Unbound from temporal or physical constraints, Rakesfall defiantly confronts the reader to question not just what they know about the world they live in but about how they exist. “What do you think is the border of you?” is asked, late into this story, but Chandrasekara doesn’t even pretend that he is interested in giving answers.
The writing in this book is dense and layered and incredibly lyrical. It is wonderfully beautiful to hear, either via the audiobook or via just reading the book aloud to yourself. Mythic language and technobabble play across the page in English as well as Pali, Sinhalese, and more, never holding the reader’s hand but insisting on itself as fundamental throughout. This extravagant style of writing combines with millennia spending landscapes to create poignant atmosphere and settings, moving from meta-fictional classrooms to civil war-ravaged jungles to contemporary concrete jungles to planets that have been destroyed and re-greened and destroyed again as they wait the kiss of emerging supernovas, to the non-physical space where gods, demons, and artificial intelligences are indistinguishable. All of these spaces feel encompassing and vivid, but by the very nature of the story they are like artistic renditions more than deep knowings. We move too quickly across space and time for more than conceptual backdrops for contemplative psychonautics, and as such the world building is effective and the atmosphere consistent and dreamy even if no one place has significant depth.
There isn’t much of a plot, instead there is a recognition that all that has been, is, and will be, whether real or imagined, is recorded simultaneously in a mythic record that eschews earthy linearity and corporality for something intangible and infinite. In this way we follow a handful of characters across countless permutations, reincarnations, hauntings, possessions, folk tales, prophecies, and remembrances. The characters are fun to spend time with, but they are necessarily cryptic, in constant flux. Nothing here has any hard boundary, and that includes characters traits and personalities, and especially character histories and backstories. This works for the surreality of the story but if you are incredibly invested in specific character depth, growth and journey this may feel frustrating, because there is definite character journeys but trying to plot them out is like trying to preserve a cupped palmful of sand by tightening your fist.
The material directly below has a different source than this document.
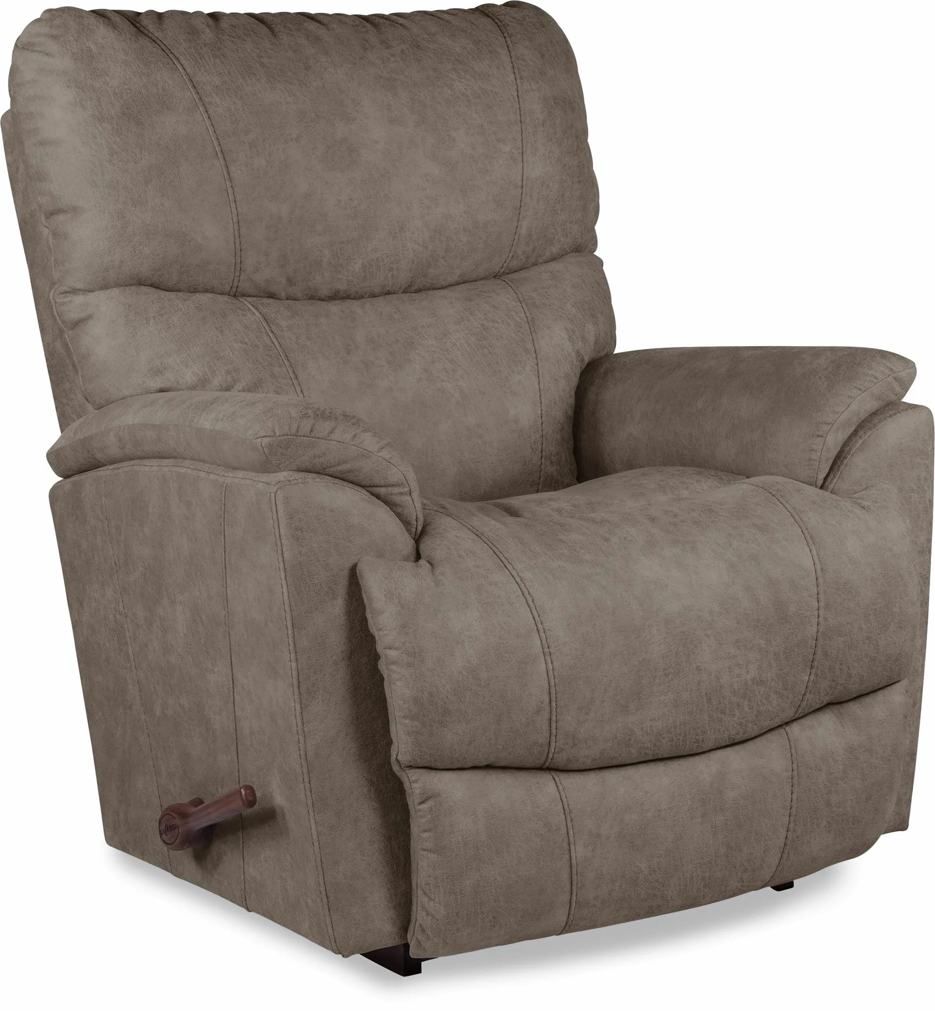 An updated silhouette, complete with slightly flared arms and a sleek tall back give Trouper a look that's fresh. It's also one comfortable rocking recliner. A sculpted bucket seat cradles you in softness while providing extra head and lumbar support. A convenient handle allows you to smoothly and easily adjust the legrest to your preferred position, or rock away the stress of the day. When it comes to comfort, Trouper always comes through.

In everything, from plot to world building to characters to writing it feels like we are at the intersection between the surreal and the hyperreal, a slipstream narrative that literally leaves the reader without any actual grounding. All of this I enjoyed quite a lot. What I finished the story asking, though, was, to what end? There are certainly ideas he wants us to think about, the nature of self, the nature of relationship and family, stewardship of our planet and worlds both tangible and social, the intersections of poetry and nation-building, possession and possessions, the inevitable consequences of greed and the undeniability of the mythic, what nonduality and positive renunciation might look like in real life, and more. So many ideas. But they all feel as if presented behind a shimmer, a divide between our experiences and any resemblance of wisdom, expansive to the point where it became too dispersed to hold on to. I don’t want a book like this to give me answers but it often didn’t feel it was even asking questions but instead just brainstorming ideas that would be fun to ask questions about, if that makes sense. I would have liked just a little more direction, ironically enough, some firmer ground that let me know there was a definite collection of intentionalities behind this text instead of just fever-dream vibes and intangible wisps of gnosis riding interstellar temporal winds. All the words sound so nice, but the level of abstraction was a bit more than I really enjoy. I appreciated the language and the writing and the overall experience, and I always like being challenged and forced to sit with disquieting questions, and this novel did deliver that. I imagine reading it in any sort of discussion group would be remarkably rewarding, because it really seems like a catalyzing locus of transformative thought. It is impressive and confusing and poetic; take from that what you will.